The Litecoin MimbleWimble Extension Block Proposal has been Published.
Earlier today the long awaited proposal for the Litecoin Project’s MimbleWimble (MW) implementation was published to the organisations Github as new pull requests under the Litecoin Improvement Protocol (LIP) titles LIP 2 & LIP 3.
LIP 2 focuses on the Extension blocks (EB) Implementation, a method first described by bitcoin developer, Johnson Lau, that would allow for not only MimbleWimble but an effective blocksize increase to be added without any consensus rule changes to the network. Although the exact size is still up for debate as the team are yet unsure at what it should be set at and whatever is chosen will be fixed once accepted.
“More discussion must be had around what the extension block size should be.”
It will be up to the network to vote on the final code and whether or not to adopt the new technology, this is otherwise known as a soft fork. The Proposal writes the fork will be activated 1 year from the day the implementation is released and that miners will be able to activate it early with a 75% signaling threshold.
“Our primary motivation behind EB is to implement opt-in MimbleWimble. This is something that is currently not possible through a traditional soft-fork because MimbleWimble is not script-based. However, there is also an opportunity to lay the groundwork to implement alternative proposals using EB as well.”

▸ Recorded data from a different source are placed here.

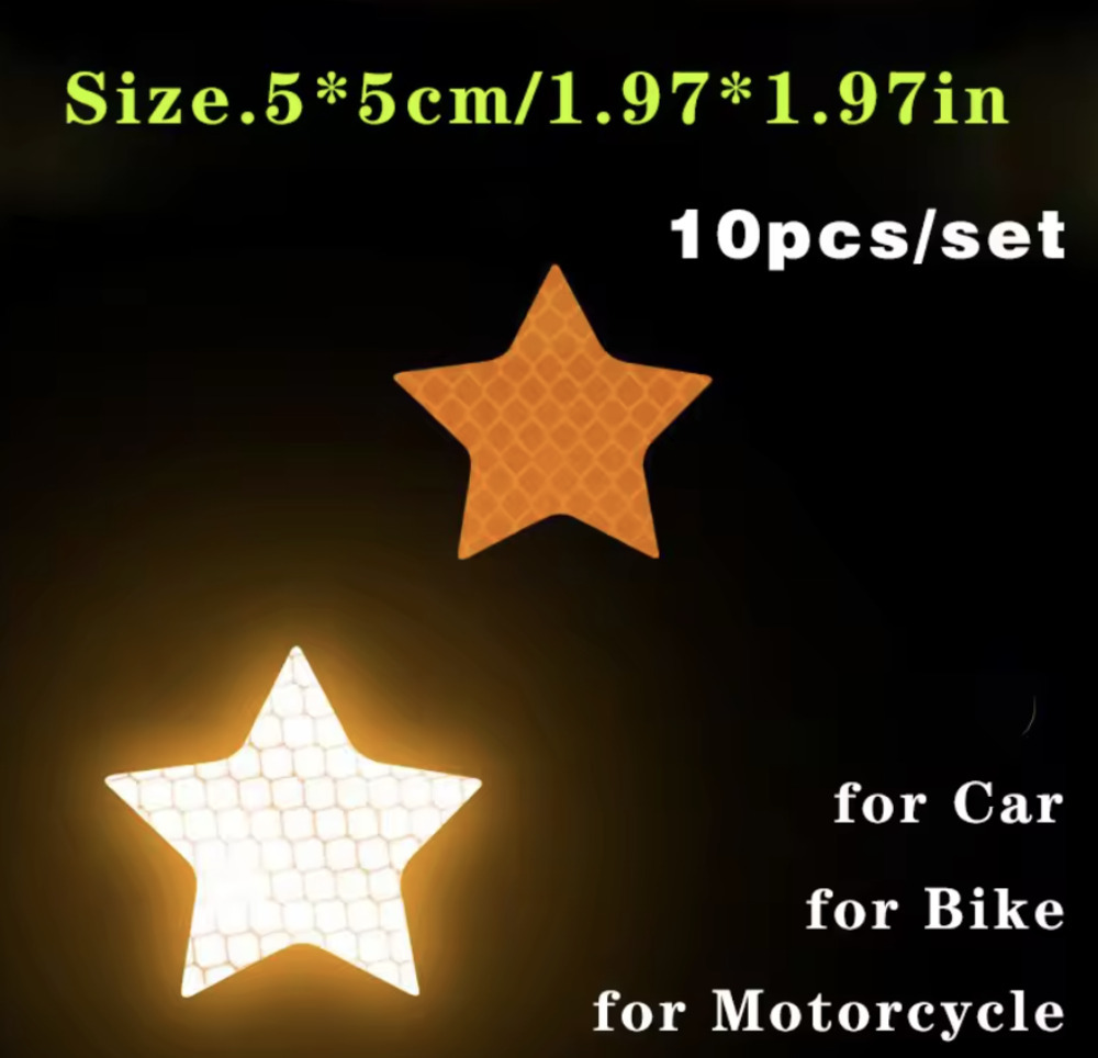 星形リフレクターシールセット - 商品説明: 夜間視認性を高める星形のリフレクターシール。簡単に貼れて、安全対策に最適。防水性もあり、屋外での使用に適しています。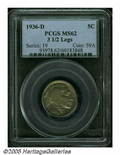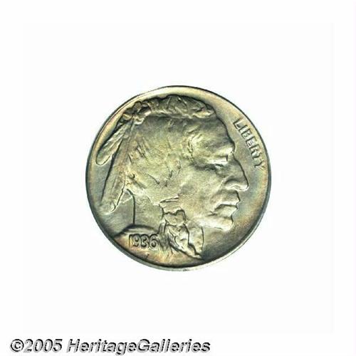 <B>1936-D<5C> 3 1/2 Legs MS62 PCGS.</B></I> This coin is currently the finest graded of this very rare variety. The surfaces are clean and lustrous, with ample luster to please the eye. Furthermore, the periphery is bathed in colorful iridescent toning, particularly so on the reverse, while the centers are more typically yellow with a hint of nickel blue. As to the strike it is average with slight weakness on the tail and head of the bison. What makes this variety so desirable is the lack of a significant portion of the bison's foreleg, which suffered a similar indignity as found on the following years more famous "Three Legged" version. Apparently the dies had clashed or cracked, and were judiciously lapped to the degree that the leg was partially effaced, much to the delight of specialists today. PCGS has graded a mere 21 examples of this variety in all grades, and this one is the only mint state coin yet certified by that service. An important opportunity for the advanced collector to obtain what may be the only Uncirculated example of this variety.
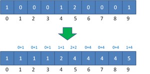 对此,我们只需在填充完统计数组之后,对统计数组做一下变形。我们仍然以学生的成绩表为例,把之前的统计数组进行变形,统计数组从第二个元素开始,每一个元素都加上前面所有元素之和:
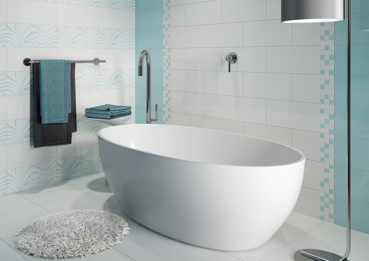 В традициях большинства народов белый цвет ассоциируется с чистотой, свежестью, спокойствием и непорочностью. Поэтому белая плитка в ванной будет создавать в ней атмосферу чистоты, релакса и вдохновения. Поскольку белый цвет сам по себе нейтрален, его легко сделать фоном для воплощения любых своих дизайнерских идей, добавив желаемые цветовые акценты.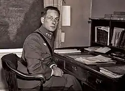 After his examen artium Øi took an officer exam attending the Norwegian Military Academy. He also did military studies in France.[1] Øi, a captain in the general staff, became known to the general public for his lecture entitled "Det strategiske overfall" ('The Strategic Attack') to the officers' society, Oslo Militære Samfund, on 6 March 1939.[2] In this lecture, Øi stated that Norway had inadequate defences and was vulnerable to a foreign attack. This caused a stir in some groups, especially the social democrat newspaper Arbeiderbladet, which came close to accusing him of treason.[3]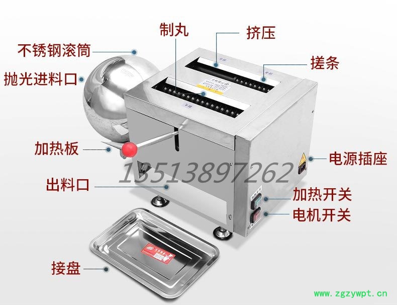 3、本机适用性强。可生产各种粘度的软、硬药丸,制丸合格率高,特别适合于小型药厂试制室,中药研究所、医院、药房及保健、食品成丸生产。

These Extension Blocks will run parallel along side the main Litecoin blockchain. To differentiate the EB chain from the parent and ensure compatibility with existing rules a new witness program will be implemented. This new witness will use Bech32 (addresses starting with lc1) due to its efficiency over legacy (L) and standard segwit addresses (M), it will also mean lower transaction fees in comparison.
“An auxiliary block is created for each main block. Auxiliary block looks like a traditional block without the header.”
Notably the EB chain will also have to store its own set of Unspent Transaction Outputs (UTXO)in order to keep track of things.
EB is technically more complex as opposed to a straight forward hard fork of MW something the LIP does not mention, as such it may introduce new issues into the system if not properly scrutinised and tested beforehand. From a users UX/UI perspective on the otherhand it makes little difference and remains fairly simple.
“To transition coins from the canonical side into the EB, it must be pegged-in. Coins on the canonical side are sent to a specially marked anyone-can-spend address. This results in the redemption of the equivalent amount of MW coins inside the EB. Once inside, MW transactions can occur. Coins in the EB can also be pegged-out back to the canonical blockchain and will be sent out of this special address. This special address will hold all the coins that represents coins on the extension chain.”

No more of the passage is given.